6. A BIM-robot collaborative intelligent construction operation system, characterized in that, The system includes a BIM task parsing module, a high-precision positioning module, a path planning module, and a quality inspection module. Data flow between modules: After the BIM task parsing module parses the BIM model, it outputs a task sequence. and coordinates of each station This information is then transmitted to the high-precision positioning module. After the high-precision positioning module completes the coordinate system alignment, it converts the stationary point coordinates in the BIM coordinate system into the target navigation point in the robot coordinate system, while providing the robot's real-time pose. The data is then passed to the path planning module; the path planning module calculates the process compliance function based on the target point, real-time pose, and process constraints. The optimal work trajectory is output to the execution controller; The quality inspection module collects quality indicators in real time during construction. Calculate the deviation The correction amount is then calculated using a PID controller. This feedback is sent to the execution controller to adjust the construction parameters.

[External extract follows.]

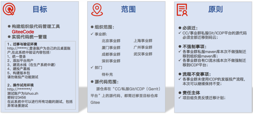 本次项目的两个主要目标分别是构建组织级代码管理工具 GiteeCode 和实现代码统一管理。Gitee 交付团队按照地域和代码管理工具划分了组织范围与源代码范围,并制定了四项迁移原则。

7. An electronic device comprising a memory, a processor, and a computer program stored in the memory and executable on the processor, characterized in that, When the processor executes the program, it implements the intelligent construction operation method based on BIM-robot collaboration as described in any one of claims 1 to 5.
8. A computer-readable storage medium storing computer instructions thereon, characterized in that, When the computer instructions are executed by the processor, they implement the intelligent construction operation method based on BIM-robot collaboration as described in any one of claims 1-5.